++++ MATERIAL FOR THIS EXERCISE ++++
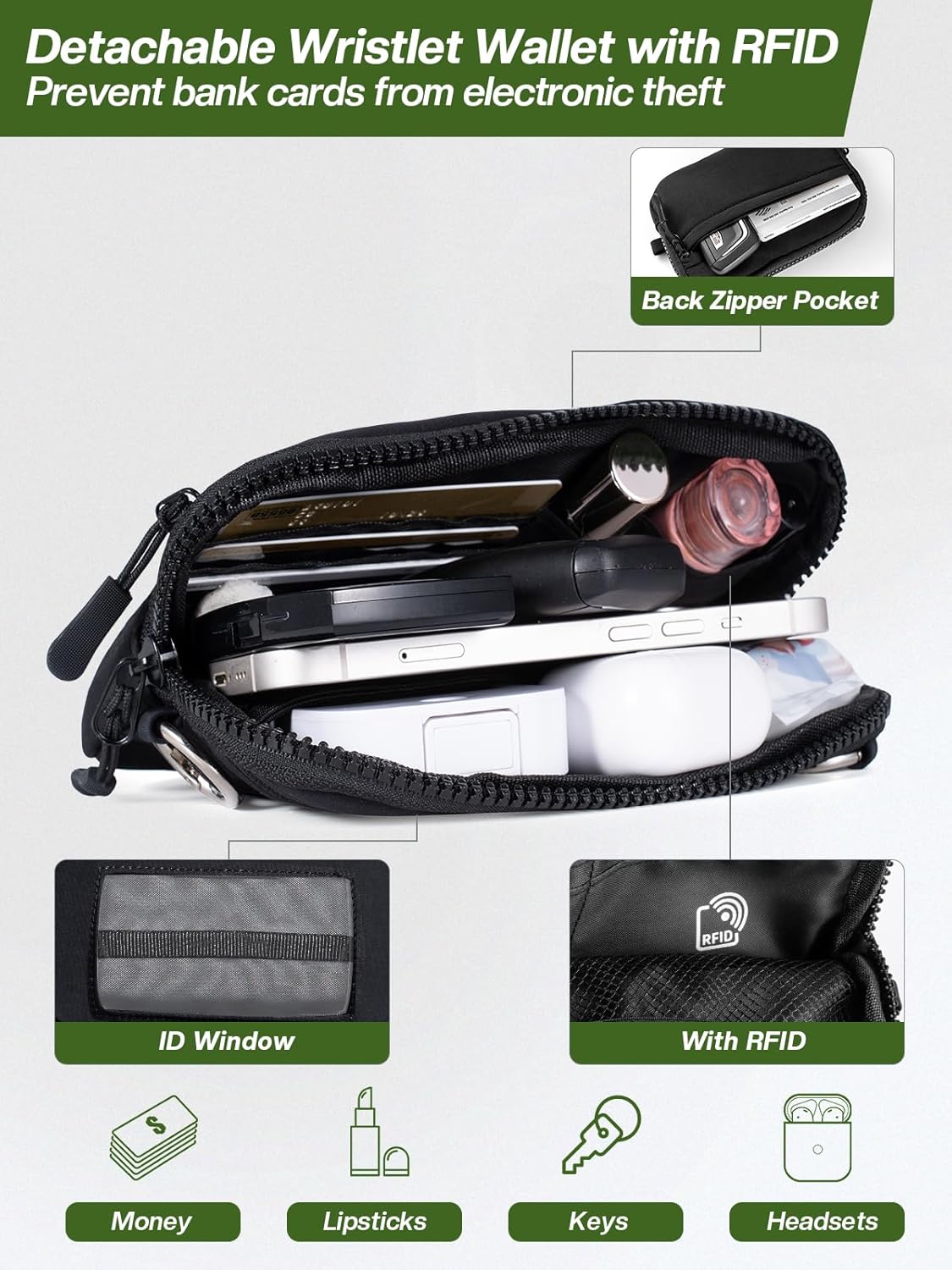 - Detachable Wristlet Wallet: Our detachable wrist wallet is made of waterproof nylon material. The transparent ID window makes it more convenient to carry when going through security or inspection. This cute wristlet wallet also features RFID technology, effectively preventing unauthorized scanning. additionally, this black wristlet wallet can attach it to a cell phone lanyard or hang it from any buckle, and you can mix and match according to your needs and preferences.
++++
++++ MATERIAL FOR THIS EXERCISE ++++
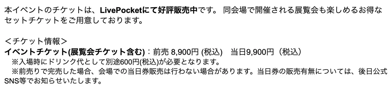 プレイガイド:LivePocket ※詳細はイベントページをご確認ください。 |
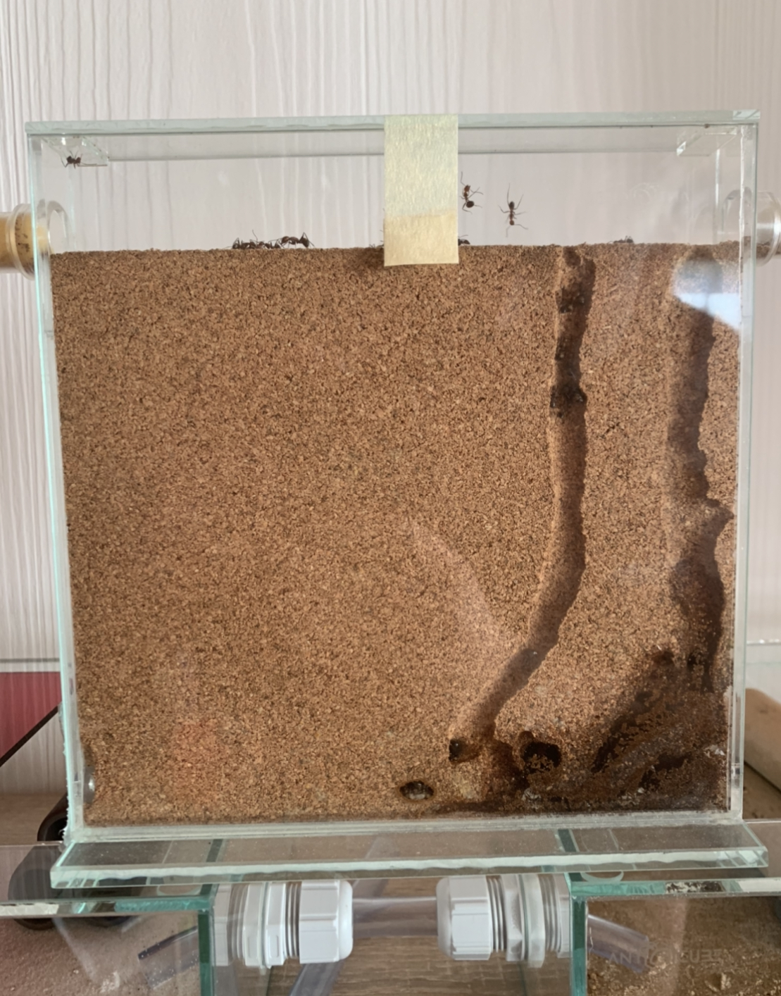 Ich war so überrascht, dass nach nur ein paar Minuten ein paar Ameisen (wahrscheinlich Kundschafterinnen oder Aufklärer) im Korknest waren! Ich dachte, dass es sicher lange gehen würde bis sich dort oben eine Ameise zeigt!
++++
++++ MATERIAL FOR THIS EXERCISE ++++
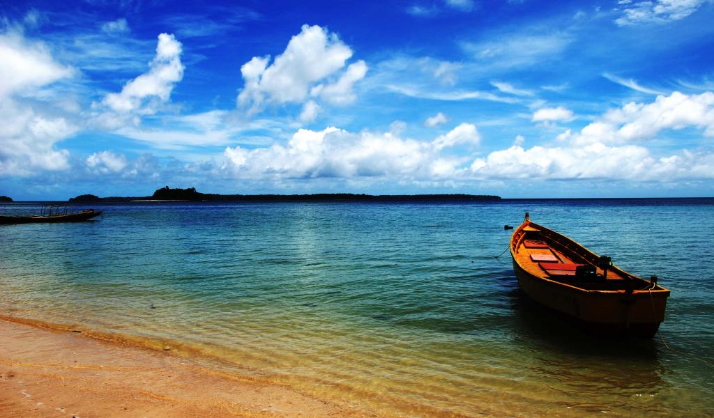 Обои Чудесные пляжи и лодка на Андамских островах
++++
> WHAT YOU HAVE TO DO:
Copy exactly, without pictures, the lines above from the one with "プレイガイド:LivePocket ※詳細はイベントページをご確認ください。 |" down to the one with "Ich war so überrascht, dass", inclusive.

> PROBLEM SOLUTION:
 プレイガイド:LivePocket ※詳細はイベントページをご確認ください。 |
 Ich war so überrascht, dass nach nur ein paar Minuten ein paar Ameisen (wahrscheinlich Kundschafterinnen oder Aufklärer) im Korknest waren! Ich dachte, dass es sicher lange gehen würde bis sich dort oben eine Ameise zeigt!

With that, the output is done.